Judge C. G. Weeramantry, Former Vice President of the International Court of Justice
“The continuance and proliferation of nuclear reactors violates every principle of humanitarian law, international law, environmental law and international sustainable development law. Indeed we are committing the gravest possible crime against future generations and are doing so with a full consciousness of the effects of our actions.” says WFC Councillor Judge C. G. Weeramantry, former Vice President of the International Court of Justice and President of the International Association of Lawyers against Nuclear Arms. Read his open letter.

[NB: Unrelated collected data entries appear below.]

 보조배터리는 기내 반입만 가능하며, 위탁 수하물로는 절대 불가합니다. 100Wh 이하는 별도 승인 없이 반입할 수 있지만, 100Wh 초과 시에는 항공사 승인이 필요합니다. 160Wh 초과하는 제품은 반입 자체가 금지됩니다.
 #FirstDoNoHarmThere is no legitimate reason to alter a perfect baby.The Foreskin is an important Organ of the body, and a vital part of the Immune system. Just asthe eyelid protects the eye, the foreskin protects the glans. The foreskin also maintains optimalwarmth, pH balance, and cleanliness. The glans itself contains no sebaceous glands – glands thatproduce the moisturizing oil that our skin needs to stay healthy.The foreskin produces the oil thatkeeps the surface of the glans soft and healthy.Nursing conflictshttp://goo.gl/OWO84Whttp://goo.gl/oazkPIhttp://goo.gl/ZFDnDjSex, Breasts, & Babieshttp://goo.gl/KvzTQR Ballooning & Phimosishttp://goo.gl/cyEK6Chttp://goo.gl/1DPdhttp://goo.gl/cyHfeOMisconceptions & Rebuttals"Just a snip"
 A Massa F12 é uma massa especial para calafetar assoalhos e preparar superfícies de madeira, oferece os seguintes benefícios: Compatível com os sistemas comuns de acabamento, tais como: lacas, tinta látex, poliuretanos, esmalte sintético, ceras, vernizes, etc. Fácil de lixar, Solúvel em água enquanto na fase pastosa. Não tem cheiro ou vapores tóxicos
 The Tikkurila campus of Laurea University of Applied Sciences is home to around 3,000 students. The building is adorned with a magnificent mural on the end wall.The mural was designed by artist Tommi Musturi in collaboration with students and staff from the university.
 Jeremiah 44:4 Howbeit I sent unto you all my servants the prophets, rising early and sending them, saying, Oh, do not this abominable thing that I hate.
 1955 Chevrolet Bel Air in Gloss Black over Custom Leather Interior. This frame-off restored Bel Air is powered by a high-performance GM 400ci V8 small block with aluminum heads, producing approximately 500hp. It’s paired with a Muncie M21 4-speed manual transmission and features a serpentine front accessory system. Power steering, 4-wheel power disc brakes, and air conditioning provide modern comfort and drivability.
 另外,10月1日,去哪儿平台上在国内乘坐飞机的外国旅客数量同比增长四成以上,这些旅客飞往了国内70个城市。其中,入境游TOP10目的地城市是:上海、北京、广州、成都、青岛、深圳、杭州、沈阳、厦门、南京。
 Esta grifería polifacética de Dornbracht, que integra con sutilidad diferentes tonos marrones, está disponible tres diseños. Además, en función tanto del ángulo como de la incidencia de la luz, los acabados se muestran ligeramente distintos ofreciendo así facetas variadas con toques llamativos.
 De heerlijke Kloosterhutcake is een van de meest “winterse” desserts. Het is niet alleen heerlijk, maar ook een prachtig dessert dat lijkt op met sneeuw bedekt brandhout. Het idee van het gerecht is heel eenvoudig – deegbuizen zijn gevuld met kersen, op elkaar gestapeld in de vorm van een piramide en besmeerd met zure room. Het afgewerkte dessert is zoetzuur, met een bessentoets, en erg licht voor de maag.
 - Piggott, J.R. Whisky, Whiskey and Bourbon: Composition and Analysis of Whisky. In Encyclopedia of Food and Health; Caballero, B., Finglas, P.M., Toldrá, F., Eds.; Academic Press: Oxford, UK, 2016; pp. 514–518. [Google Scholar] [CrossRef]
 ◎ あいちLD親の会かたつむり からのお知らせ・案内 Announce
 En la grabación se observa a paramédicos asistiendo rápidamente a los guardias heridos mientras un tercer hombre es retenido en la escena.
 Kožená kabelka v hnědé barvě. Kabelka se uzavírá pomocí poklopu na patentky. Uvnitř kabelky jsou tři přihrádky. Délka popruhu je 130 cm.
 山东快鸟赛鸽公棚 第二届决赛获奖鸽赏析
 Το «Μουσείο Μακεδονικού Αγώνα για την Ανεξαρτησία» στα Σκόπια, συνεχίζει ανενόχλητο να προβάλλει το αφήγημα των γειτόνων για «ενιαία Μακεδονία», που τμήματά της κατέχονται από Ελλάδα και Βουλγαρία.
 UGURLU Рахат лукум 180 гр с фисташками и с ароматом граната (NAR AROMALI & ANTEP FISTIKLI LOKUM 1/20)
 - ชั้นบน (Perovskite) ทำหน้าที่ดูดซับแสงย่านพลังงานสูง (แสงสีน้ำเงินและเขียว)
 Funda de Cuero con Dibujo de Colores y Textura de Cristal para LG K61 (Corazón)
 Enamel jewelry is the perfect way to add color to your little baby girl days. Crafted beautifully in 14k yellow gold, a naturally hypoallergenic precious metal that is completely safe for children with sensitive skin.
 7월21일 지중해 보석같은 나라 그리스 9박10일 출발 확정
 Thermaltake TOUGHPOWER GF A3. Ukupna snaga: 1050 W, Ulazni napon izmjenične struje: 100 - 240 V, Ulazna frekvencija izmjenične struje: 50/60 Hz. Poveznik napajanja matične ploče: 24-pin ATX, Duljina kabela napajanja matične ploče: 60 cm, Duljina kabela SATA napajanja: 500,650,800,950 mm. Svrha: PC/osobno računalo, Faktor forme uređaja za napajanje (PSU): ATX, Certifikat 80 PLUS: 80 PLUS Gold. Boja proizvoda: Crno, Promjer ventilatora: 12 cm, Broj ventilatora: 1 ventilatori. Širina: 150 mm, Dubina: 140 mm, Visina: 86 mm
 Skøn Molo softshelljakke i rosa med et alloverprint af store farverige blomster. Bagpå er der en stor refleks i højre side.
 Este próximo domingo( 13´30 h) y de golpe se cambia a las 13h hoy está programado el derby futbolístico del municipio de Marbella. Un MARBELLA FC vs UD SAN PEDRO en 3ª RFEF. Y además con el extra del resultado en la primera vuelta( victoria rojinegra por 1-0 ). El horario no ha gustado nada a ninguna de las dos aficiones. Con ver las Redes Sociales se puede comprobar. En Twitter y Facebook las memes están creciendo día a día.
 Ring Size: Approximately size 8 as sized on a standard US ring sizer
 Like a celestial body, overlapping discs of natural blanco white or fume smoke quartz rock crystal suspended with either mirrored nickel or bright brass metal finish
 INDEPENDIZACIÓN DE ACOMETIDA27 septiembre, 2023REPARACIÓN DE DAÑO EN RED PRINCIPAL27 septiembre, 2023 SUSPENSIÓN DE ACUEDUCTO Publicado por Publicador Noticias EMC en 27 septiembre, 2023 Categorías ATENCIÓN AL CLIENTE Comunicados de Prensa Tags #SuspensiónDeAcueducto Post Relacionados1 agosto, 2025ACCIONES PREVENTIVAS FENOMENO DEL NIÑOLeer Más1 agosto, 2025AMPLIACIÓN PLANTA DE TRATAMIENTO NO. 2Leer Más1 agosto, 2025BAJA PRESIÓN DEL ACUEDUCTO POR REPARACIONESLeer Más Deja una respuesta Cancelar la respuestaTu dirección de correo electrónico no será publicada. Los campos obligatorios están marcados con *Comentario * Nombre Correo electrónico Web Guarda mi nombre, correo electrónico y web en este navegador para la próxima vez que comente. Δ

Pauline Tangiora, Maori Elder from the Rongomaiwahine tribe
“Mother Earth weeps for all the suffering. Hope is that we will cease building plants that have the potential to destroy humankind. We must pray for the families who have lost loved ones, for those who are suffering from the aftermath of the tragedy, including what may arise from the damage to the nuclear plants as this will affect all humanity. In peace”, WFC Councillor Pauline Tangiora, Maori Elder from the Rongomaiwahine tribe.
Hans-Peter Dürr, Nuclear Physicist and Philosopher
“Our responsibility to preserve creation, our reverence for life and our duty to observe human rights should rigorously forbid us to develop and use a technology that can, in a worst case scenario, cause an unacceptable damage”, says WFC Councillor Professor Hans-Peter Dürr, nuclear physicist and philosopher.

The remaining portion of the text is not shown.